Profiling Global Kinome Signatures of the Radioresistant MCF-7/C6 Breast Cancer Cells Using MRM-based Targeted Proteomics

Ionizing radiation is widely used in cancer therapy; however, cancer cells often develop radioresistance, which compromises the efficacy of cancer radiation therapy. Quantitative assessment of the alteration of the entire kinome in radioresistant cancer cells relative to their radiosensitive counterparts may provide important knowledge to define the mechanism(s) underlying tumor adaptive radioresistance and uncover novel target(s) for effective prevention and treatment of tumor radioresistance. By employing a scheduled multiple-reaction monitoring analysis in conjunction with isotope-coded ATP affinity probes, we assessed the global kinome of radioresistant MCF-7/C6 cells and their parental MCF-7 human breast cancer cells. We rigorously quantified 120 kinases, of which 1/3 exhibited significant differences in expression levels or ATP binding affinities. Several kinases involved in cell cycle progression and DNA damage response were found to be overexpressed or hyperactivated, including checkpoint kinase 1 (CHK1), cyclin-dependent kinases 1 and 2 (CDK1 and CDK2), and the catalytic subunit of DNA-dependent protein kinase. The elevated expression of CHK1, CDK1, and CDK2 in MCF-7/C6 cells was further validated by Western blot analysis. Thus, the altered kinome profile of radioresistant MCF-7/C6 cells suggests the involvement of kinases on cell cycle progression and DNA repair in tumor adaptive radioresistance. The unique kinome profiling results also afforded potential effective targets for resensitizing radioresistant cancer cells and counteracting deleterious effects of ionizing radiation exposure.

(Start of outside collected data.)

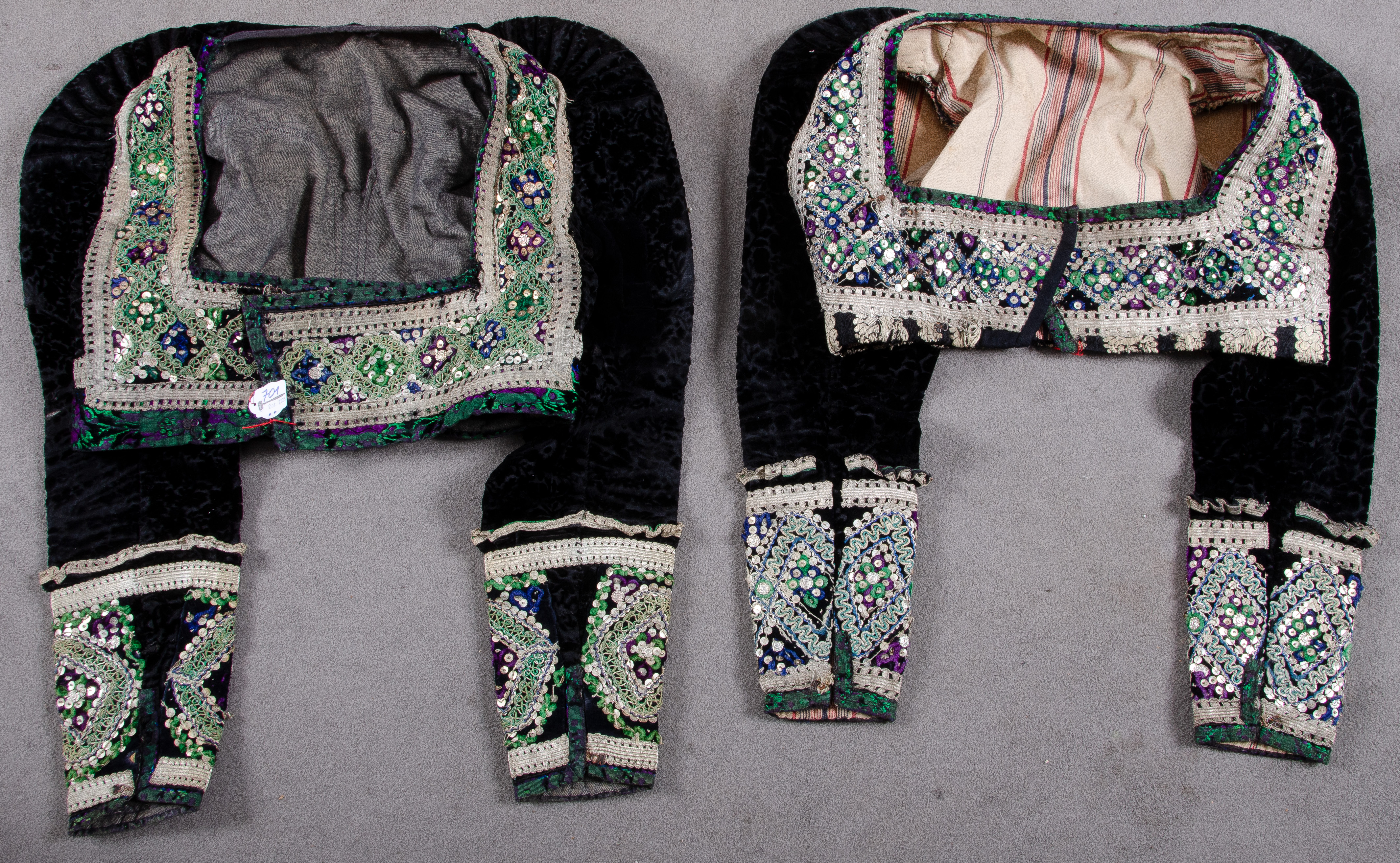 - Katalog-Nr: 702Zwei Trachtenjacken. Wohl Franken. Schwarzer Stoff, mit buntem und Goldfaden bestickt mit Blumen und Strasssteinen.o.L.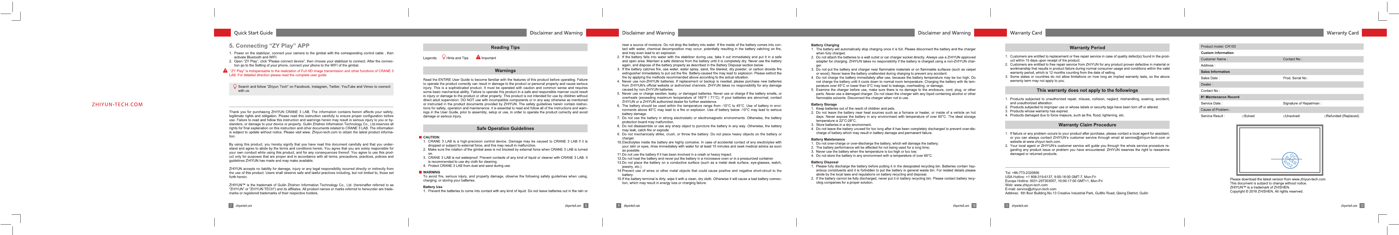 Guilin Zhishen Information Technology ZYCR103 ZHIYUN Professional Stabilizer with Image Transmission CRANE 3 LAB User Manual Part 2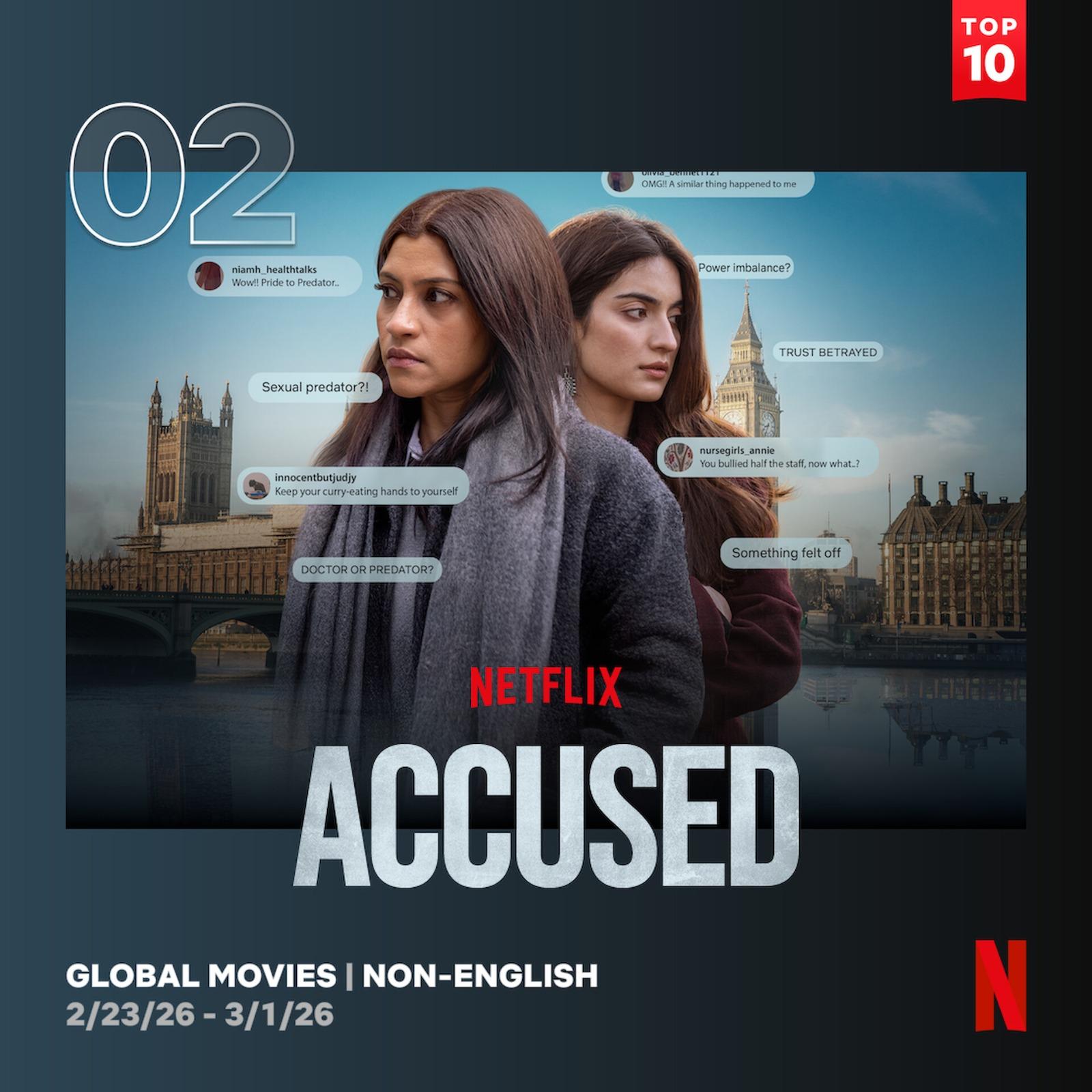 Mumbai, 4th March 2025: Accused, Netflix’s gripping psychological drama directed by Anubhuti Kashyap and starring Konkona Sensharma and Pratibha Rannta, has struck a chord with audiences worldwide. After its release on 27th February, the film is placed at #2 on Netflix’s Global Top 10 Non-English Films and trending in 72 countries, making it the first Indian film to trend in the most countries, reflecting its growing international momentum and a thought-provoking narrative. Konkona Sensharma, who plays Dr Geetika Sen , said, _“It’s incredibly heartening to see Accused finding audiences across the world. Stories that explore complex emotions and uncomfortable truths don’t always have easy answers, so it means a lot that viewers are engaging with the film so deeply. I’m grateful to Netflix for giving this story a global platform, and to audiences everywhere for embracing it with such openness.”_Pratibha Rannta, playing Dr Meera , added, _“The love Accused has received from audiences across countries is truly overwhelming. Being part of a story that sparks conversations about trust, perception and relationships has been very special for me. I’m thankful to Netflix for bringing this film to viewers around the world and to everyone around the globe who supported and trusted our vision.”_Director Anubhuti Kashyap shared, _“As filmmakers, we hope our stories travel beyond boundaries and connect with people in meaningful ways. Seeing Accused resonate with audiences globally and trend on Netflix’s Top 10 is deeply encouraging. I’m grateful to Netflix for championing the film and to audiences everywhere for watching it with such curiosity and generosity.”_Ruchikaa Kapoor Sheikh, Director, Original Films, Netflix India shares, _”In its launch week, Accused ranked in the Weekly Top 10 across 72 countries and debuted at #2 on the Global Top 10 Non-English Films list, underscoring the scale of its global resonance. Anubhuti Kashyap brought a clear, assured vision to Accused, handling a story that breaks new ground with nuance, empathy, and conviction. Konkona and Pratibha Rannta deliver performances that challenge perspectives and stay with you long after the film ends. At Netflix, we’re committed to supporting distinctive voices and stories that push the conversation forward and it’s incredibly meaningful to see a film like this break out globally in a way no Indian film has before.”_Exploring themes of trust, perception and the fragile dynamics of relationships, Accused has sparked conversations among audiences globally. Anchored by powerful performances and Anubhuti Kashyap’s sharp storytelling, the film continues to resonate across borders as viewers engage with its layered, emotionally charged world. Accused is streaming globally, only on Netflix!

电离辐射（Ionizing radiation）广泛应用于癌症治疗领域，然而癌细胞常可产生辐射抗性，这会削弱癌症放射治疗的疗效。定量评估辐射抗性癌细胞相较于其辐射敏感对应细胞的全激酶组（kinome）变化，或可为阐明肿瘤适应性辐射抗性的潜在机制、发掘用于肿瘤辐射抗性有效防治的新型靶点提供重要依据。本研究采用程序化多反应监测（multiple-reaction monitoring）分析结合同位素编码ATP亲和探针技术，对辐射抗性MCF-7/C6细胞及其亲本MCF-7人乳腺癌细胞的全局激酶组进行了检测。研究团队严格定量了120种激酶，其中三分之一的激酶在表达水平或ATP结合亲和力上存在显著差异。研究发现，多种参与细胞周期进程与DNA损伤应答的激酶出现过表达或过度激活，包括检查点激酶1（CHK1）、细胞周期蛋白依赖性激酶1与2（CDK1和CDK2），以及DNA依赖性蛋白激酶的催化亚基。通过蛋白质免疫印迹（Western blot）分析，本研究进一步验证了MCF-7/C6细胞中CHK1、CDK1和CDK2的表达上调。综上，辐射抗性MCF-7/C6细胞的激酶组谱改变提示，参与细胞周期进程与DNA修复的激酶在肿瘤适应性辐射抗性中发挥了关键作用。本研究获得的独特激酶组分析结果，也为使辐射抗性癌细胞复敏、抵消电离辐射暴露的有害效应提供了潜在的有效干预靶点。